Wednesday, May 23, 2012

Boyfriend is My Hero

So, I moved! YAAAAY! It was stressful (as all moves are), but I’m super happy to be in my new apartment. I’ll post more about it later. Right now, I’m having an issue.

A few weeks ago, I made an appointment for the cable/internet company to come hook me up the Tuesday after I moved – so I’d only be without internet for a day or so. Which is good, because not having internet makes me shaky.


So, whilst I was mid move, I got a phone call. You may see where this is going.



That’s right, I’m not getting the cable/internet I ordered for THREE WEEKS.

Horrible, right?! Like seriously, wtf am I supposed to do. I can live without tv, but NOT internet.  I’d seriously have to set up shop in a cafĂ© after work every day.

Anyway, Boyfriend came over on Monday to check out the new place and talk me down from this internet issue. I showed him that all of my untrusting neighbors had password protected their connections.
People these days! No one trusts anyone.

[In case you’re wondering, yes, I will be password protecting my internet connection. I pay a lot of money for it! Shut up.]

The only unpassword protected accounts were the “hotspots” and I didn’t have an account with any of them.

And then he went from this:

To this:

WOOOHOOOO! So, I have shaky internet access. Really shaky. Like, I can’t stream videos in my bedroom, but I can do it from the living room.

In Bedroom

Yeah, we’re watching game of thrones.

In living room.
It still froze a few times. Boyfriend and I are gonna have to watch a lot of redbox for the next few weeks.

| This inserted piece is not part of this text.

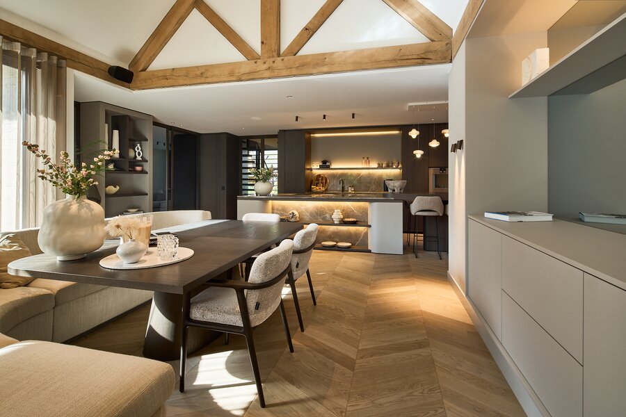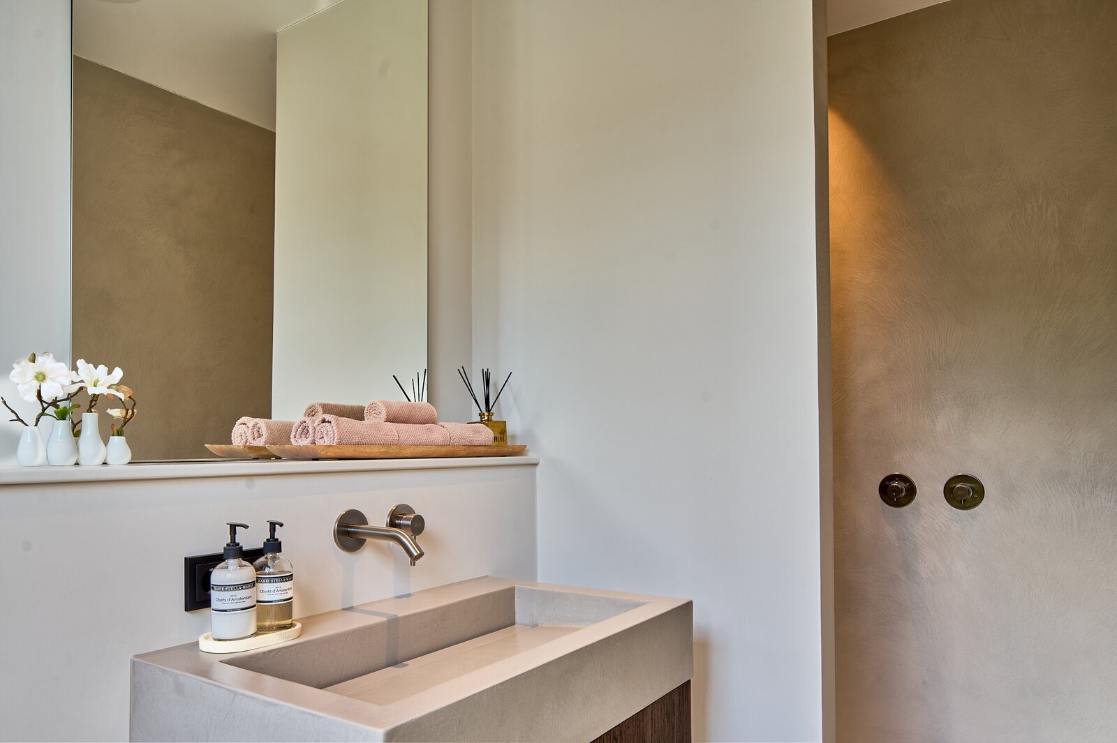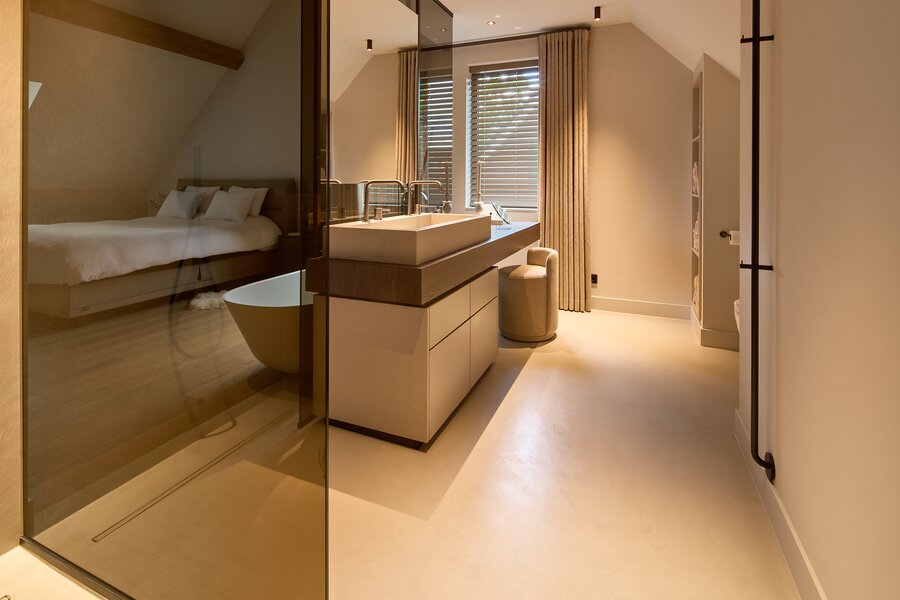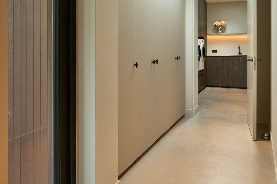 De villa beschikt over een indrukwekkende leefkeuken met marmeren kookeiland en topapparatuur (o.a. Gaggenau, Bora en Quooker), een elegante living, meerdere luxe badkamers en een royale master suite met spa-uitstraling. Hoogwaardige materialen zoals Microtopping, eiken Hongaarse puntvloeren en maatwerk kasten zijn door de gehele woning doorgevoerd.

So, yeah. Better than nothing. If I’m not commenting as much on your blog (or posting as much), don’t be offended/upset. The internet periodically craps out completely, and then I’ll get shaky connections only in certain places in my apartment.  As I was trying to put this up, I had to switch rooms twice. The universe is trying to test my patience. It’s not going great.


37 comments:

  1. Aaaarrrrrgh! Internet provider rage! That's really frustrating. Hopefully your boyfriend is wearing his underwear on the outside of his pants like any reputable superhero.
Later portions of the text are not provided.